Founded by current chairman Alain Bouchard, the corporation is based in Laval, Quebec, Canada, a suburb of Montreal. The flagship Couche-Tard and Mac's stores, as well as some older Winks outlets, prominently feature a distinctive anthropomorphic red, winking owl. This mascot, named "Jandrice", was inherited from the Provi-Soir / Winks chain when it was absorbed in the late 1990s.

In French, "couche-tard" means "(the type of person who) goes to bed late", with connotations very similar to "night owl" in English.

History 
Alain Bouchard opened his first convenience store in 1980 in Laval. In 1985, Bouchard acquired 11 "Couche-Tard" branded stores in the Quebec City area which he merged with its existing stores in the Montreal area to rename the whole company "Alimentation Couche-Tard". In 1987, the company purchased the 7 Jours chain from Metro-Richelieu, which Couche-Tard has kept a separate chain to this day.

The chain's current status in Quebec is the result of the consolidation of several major convenience store chains in the province during the 1990s. In 1994, Couche-Tard, already a significant convenience-store operator in Quebec, acquired the La Maisonnée from Steinberg and Perrette chains, as well as Mac's stores in Quebec. The combined chain was subsequently rebranded "Dépan-Escompte Couche-Tard". To better reflect the new Depan-Escompte Couche-Tard trademark, a piggy bank mascot was introduced and replaced the previous Couche-Tard sleepwalker mascot from the late 1980s and early 1990s. In May 1997, Couche-Tard acquired  C Corp, a subsidiary of Provigo that owned the chains Provi-Soir in Quebec, Winks in Ontario and Red Rooster in Alberta.
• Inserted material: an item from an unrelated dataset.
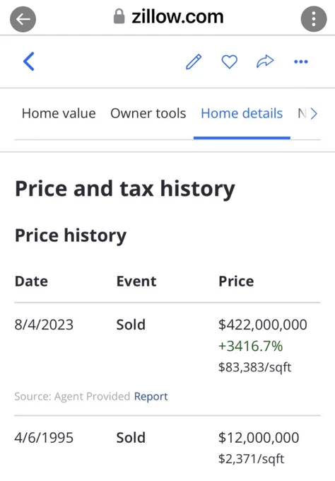 According to Zillow, the residence was sold on August 4th 2023 for $422,000,000.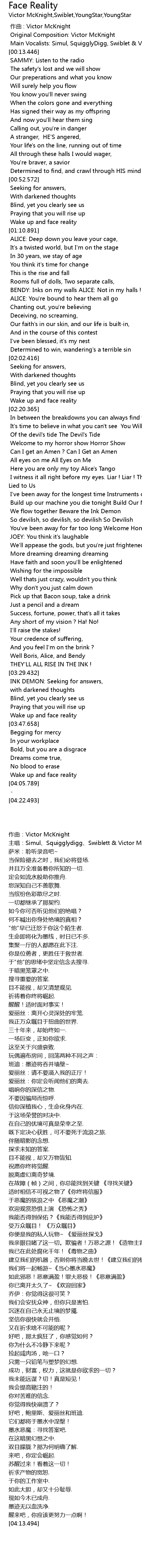 | [01:40.220] | BENDY: Inks on my walls ALICE: Not in my halls ! |

In early 1999, Dépan-Escompte Couche-Tard and Provi-Soir merged to create the chain in its current branding; reverting to the old Couche-Tard name without "Dépan-Escompte" (albeit with a new logotype), but adopting the owl mascot of Provi-Soir. The company has since revived the Provi-Soir name in Quebec which it keeps as a distinct chain, much like the 7 Jours division. The new Provi-Soir, basically a combination of rebranded Couche-Tard and 7 Jours locations, does not feature the owl mascot from the original chain and its logotype is completely different than in its last incarnation.

Similarly, Silcorp had consolidated several of the largest Ontario convenience-store chains, such as Mac's and Becker's, under its ownership before being itself acquired by Couche-Tard. As in Quebec, other corporate banners such as Becker's and Mike's Mart are slowly being phased out in favour of the dominant Mac's brand, although new franchised stores are still being opened under the Winks and Daisy Mart brands.

In 2001, Couche-Tard broke into the American market with the acquisition of 172 Bigfoot convenience stores from Johnson Oil Company of Columbus, Indiana.

After making some tentative moves in the U.S. under the Mac's brand in the early 2000s, Couche-Tard acquired the Circle K chain from ConocoPhillips in 2003, promptly rebranding its existing U.S. locations to the better-known Circle K moniker. The Circle K brand is also franchised in Asia and elsewhere.

Couche-Tard held the master franchise for Dunkin' Donuts in Quebec since August 2003, but agreed in August 2008 to terminate this franchise within 12 to 18 months.

In early 2010, Couche-Tard started consolidating its outlets in Quebec by closing down many of those that did not do well in sales, and therefore allowing the successful ones to prosper. In all, over 300 stores were closed from 2010 through 2012.

In 2014, Couche-Tard sold off its Tiendas Extra chain, a subsidiary of Circle K, in Mexico to Grupo Modelo.

In 2015, Manulife Bank of Canada reached a deal with Couche-Tard to add its ATMs to 830 locations.

On September 23, 2015, Couche-Tard announced that it would relaunch the Circle K brand, and extend it to all of its stores in English Canada, the United States, and Scandinavia. The rebranding did not include its stores in Quebec, which remained under the Couche-Tard brand.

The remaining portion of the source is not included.